## Provided material
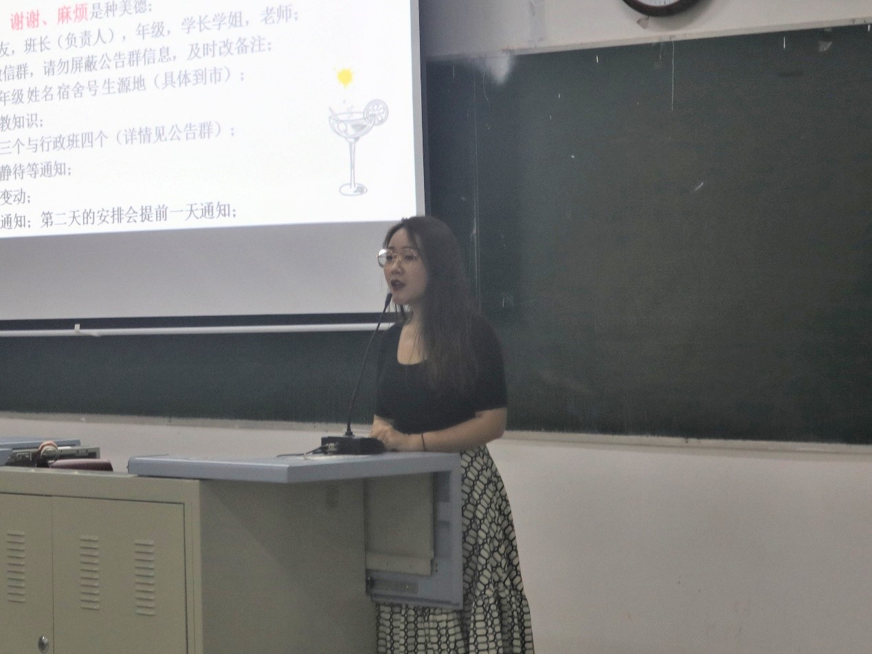 大家庭。接着,她向同学们介绍了学院的规章制度,并要求大家务必遵守学院的管理规定,特别是在疫情防控期间学院制定的各项管理办法和要求,并进行了宗教知识学习及其教育。随后,她从学习、生活、心态等方面为新生提供了99条建议。她强调,大学与高中存在诸多区别,同学们要及时调整心态和探寻适合自己的学习方法,保持独立与理性的思考,确立自己的学习目标,并对未来的学习生活做好规划,在不断的学习中努力找寻自我。此外,她希望同学们能够在大学生活中与老师和同学积极交流,尽早适应大学生活,并对其未来的发展和成长寄予美好祝愿。
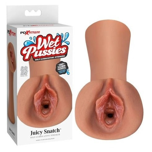 You’ve cum to the right place, because this stroker is dripping wet with excitement! Get ready for an unforgettable stroking session when you stick your dick deep inside the Wet Pussies Juicy Snatch stroker. It’s self-lubricating—which means that all it takes is a little water, and this Juicy Snatch turns into a pleasure zone of slippery orgasmic fun! Made with our award-winning Fanta Flesh® material and designed with super-realistic details, you can be sure that this self-lubricating stroker looks and feels BETTER than the real thing! So stop dreaming about dripping wet pussies, and start creaming in one today!
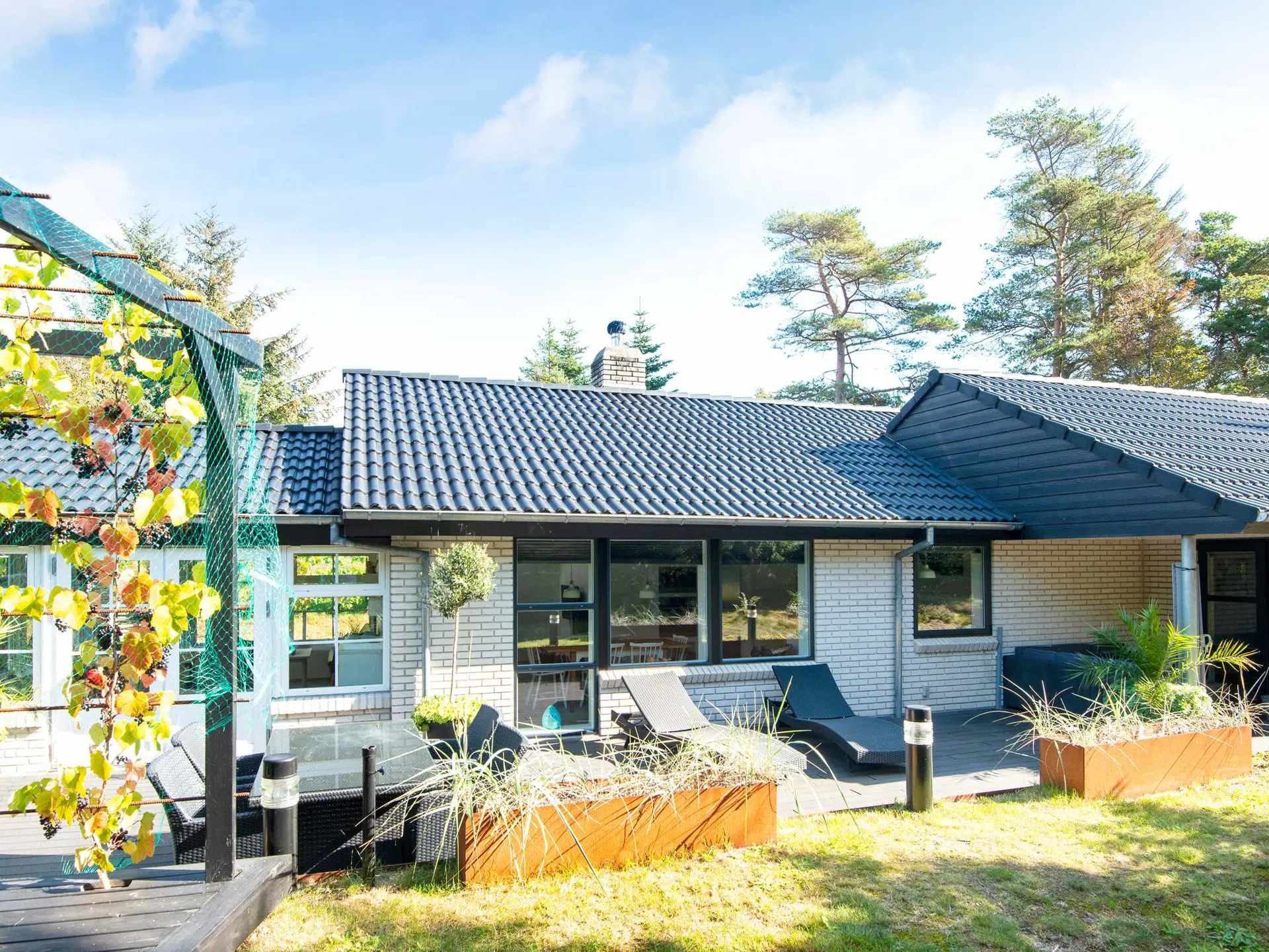 Ansprechendes Ferienhaus mit Whirlpool, auf einer kleinen Lichtung mitten im Wald und dennoch nur etwa 4 Minuten Fußweg von Hemmet Strand entfernt gelegen.

## Work request
Return the material exactly as given, apart from the pictures.

## Final answer
 大家庭。接着,她向同学们介绍了学院的规章制度,并要求大家务必遵守学院的管理规定,特别是在疫情防控期间学院制定的各项管理办法和要求,并进行了宗教知识学习及其教育。随后,她从学习、生活、心态等方面为新生提供了99条建议。她强调,大学与高中存在诸多区别,同学们要及时调整心态和探寻适合自己的学习方法,保持独立与理性的思考,确立自己的学习目标,并对未来的学习生活做好规划,在不断的学习中努力找寻自我。此外,她希望同学们能够在大学生活中与老师和同学积极交流,尽早适应大学生活,并对其未来的发展和成长寄予美好祝愿。
 You’ve cum to the right place, because this stroker is dripping wet with excitement! Get ready for an unforgettable stroking session when you stick your dick deep inside the Wet Pussies Juicy Snatch stroker. It’s self-lubricating—which means that all it takes is a little water, and this Juicy Snatch turns into a pleasure zone of slippery orgasmic fun! Made with our award-winning Fanta Flesh® material and designed with super-realistic details, you can be sure that this self-lubricating stroker looks and feels BETTER than the real thing! So stop dreaming about dripping wet pussies, and start creaming in one today!
 Ansprechendes Ferienhaus mit Whirlpool, auf einer kleinen Lichtung mitten im Wald und dennoch nur etwa 4 Minuten Fußweg von Hemmet Strand entfernt gelegen.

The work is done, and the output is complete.